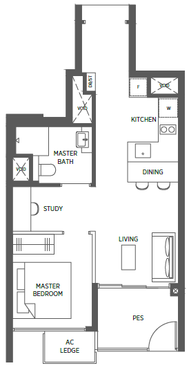 | 2 Bedroom + Study | 829 - 1023 | 124 |
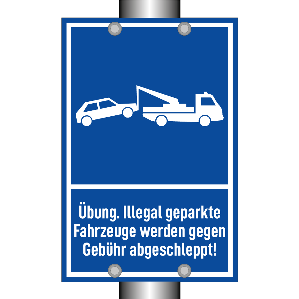 Übung. Illegal geparkte Fahrzeuge werden gegen Gebühr abgeschleppt!
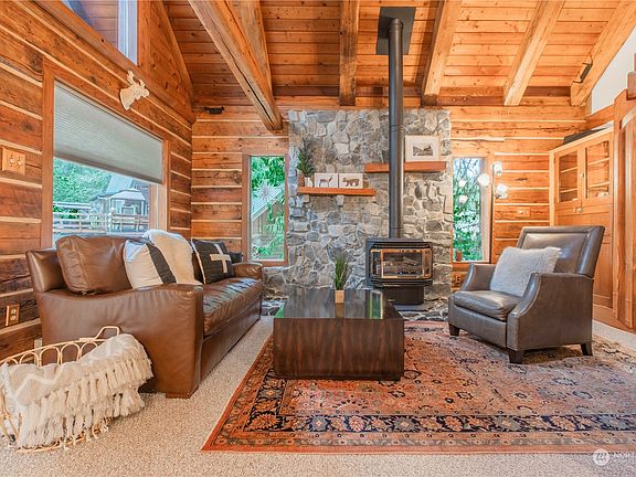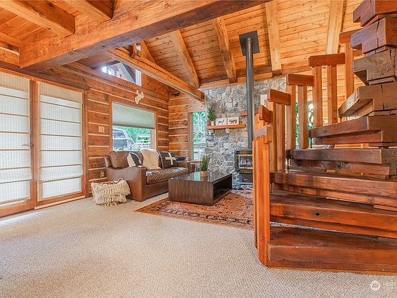 This unique log cabin is crafted from re-claimed B.C. bridge beams and is in immaculate condition. The beautiful 2bd 2 bth cabin w/loft is located on a quiet cul-de-sac in the gated Mt. Baker Rim community. Relax on the spacious trek deck or the vintage Mt. Baker Ski area chair lift swing in the yard. There have been many improvements and upgrades to this authentic cabin. Easy access to Mt. Baker Ski area, hiking, mountain biking, river rafting, and fishing. Gated community w/2 tennis courts, club house, and community pool.
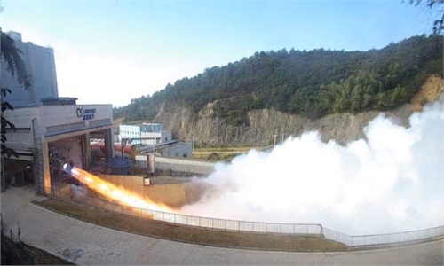 The China Aerospace Science and Technology Corporation (CASC) made two breakthroughs in China's aerospace power systems within one day. The CASC Sixth Academy on Saturday successfully completed the first test of the country's self-developed largest-thrust vacuum liquid rocket engine which carries a maximum thrust of 500 tons after nearly 10 years of research and development, representing a significant breakthrough in key technologies, the Global Times has learned from the CASC.

## TASK DETAILS
Print the material above exactly as it appears, but not its pictures.

## WRITTEN ANSWER
 | 2 Bedroom + Study | 829 - 1023 | 124 |
 Übung. Illegal geparkte Fahrzeuge werden gegen Gebühr abgeschleppt!
 This unique log cabin is crafted from re-claimed B.C. bridge beams and is in immaculate condition. The beautiful 2bd 2 bth cabin w/loft is located on a quiet cul-de-sac in the gated Mt. Baker Rim community. Relax on the spacious trek deck or the vintage Mt. Baker Ski area chair lift swing in the yard. There have been many improvements and upgrades to this authentic cabin. Easy access to Mt. Baker Ski area, hiking, mountain biking, river rafting, and fishing. Gated community w/2 tennis courts, club house, and community pool.
 The China Aerospace Science and Technology Corporation (CASC) made two breakthroughs in China's aerospace power systems within one day. The CASC Sixth Academy on Saturday successfully completed the first test of the country's self-developed largest-thrust vacuum liquid rocket engine which carries a maximum thrust of 500 tons after nearly 10 years of research and development, representing a significant breakthrough in key technologies, the Global Times has learned from the CASC.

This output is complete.